From the listing below, reproduce exactly the lines starting with the one with "Ich möchte mit" and going on through the one with "Tryptich Lucy in", both ends kept. No picture is copied.

■ INFORMATION SHOWN
══════
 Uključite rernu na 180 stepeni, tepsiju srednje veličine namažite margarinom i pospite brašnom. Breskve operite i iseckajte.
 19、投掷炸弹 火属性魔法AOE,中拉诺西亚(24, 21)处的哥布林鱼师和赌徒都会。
══════
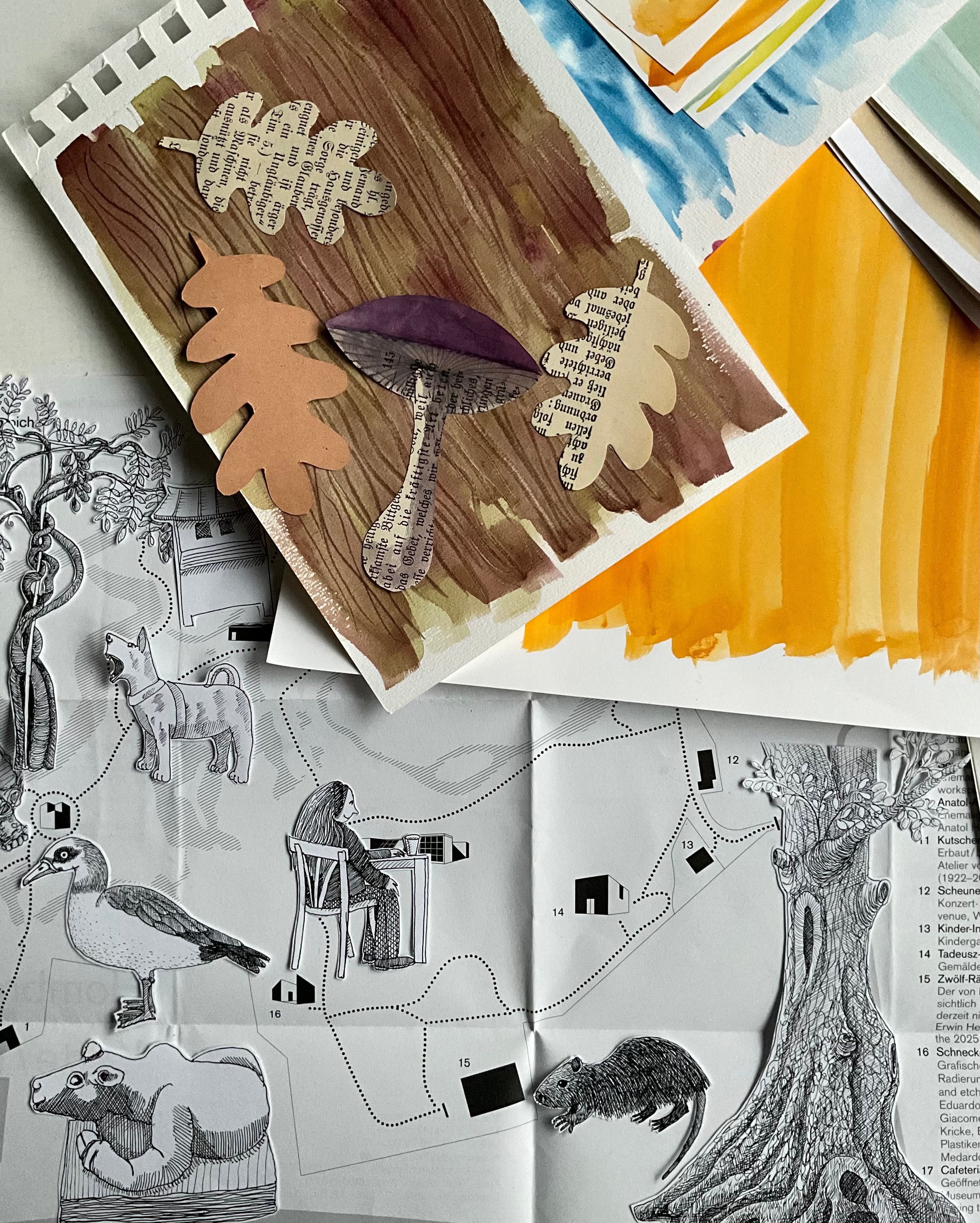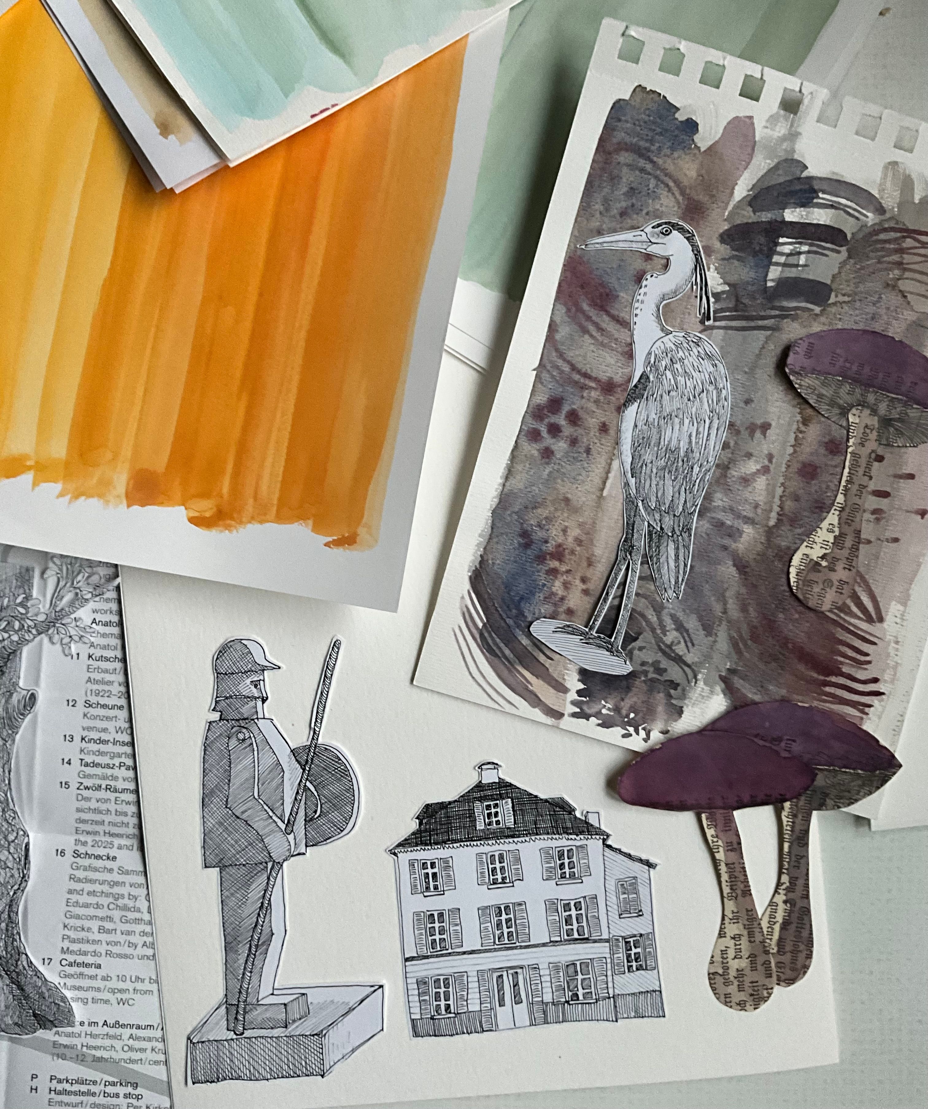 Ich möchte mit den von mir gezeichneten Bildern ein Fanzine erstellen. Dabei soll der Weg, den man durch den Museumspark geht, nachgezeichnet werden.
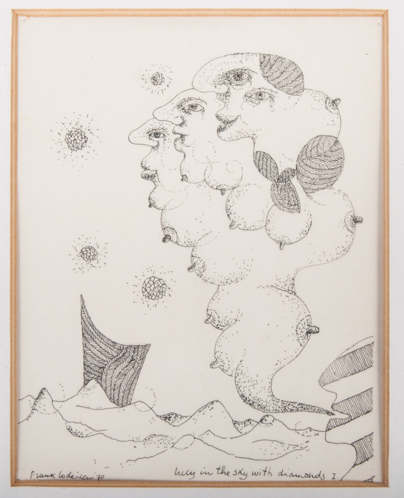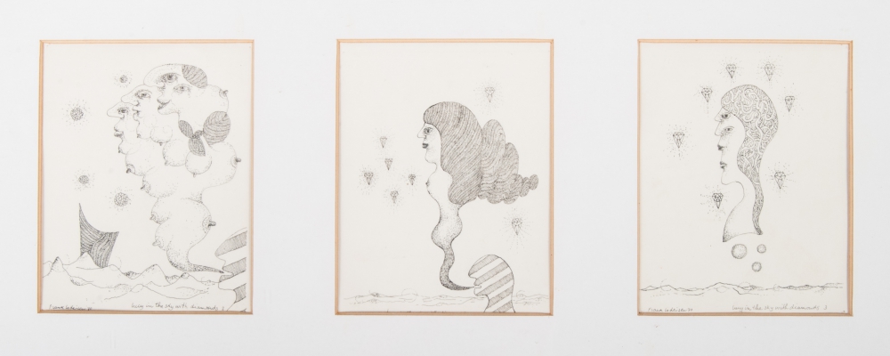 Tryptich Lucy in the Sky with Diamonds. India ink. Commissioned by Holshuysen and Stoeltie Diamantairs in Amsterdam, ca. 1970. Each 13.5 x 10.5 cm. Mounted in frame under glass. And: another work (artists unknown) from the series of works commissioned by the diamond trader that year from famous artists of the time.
══════
■ OUTPUT OF THE EXERCISE
 Ich möchte mit den von mir gezeichneten Bildern ein Fanzine erstellen. Dabei soll der Weg, den man durch den Museumspark geht, nachgezeichnet werden.
 Tryptich Lucy in the Sky with Diamonds. India ink. Commissioned by Holshuysen and Stoeltie Diamantairs in Amsterdam, ca. 1970. Each 13.5 x 10.5 cm. Mounted in frame under glass. And: another work (artists unknown) from the series of works commissioned by the diamond trader that year from famous artists of the time.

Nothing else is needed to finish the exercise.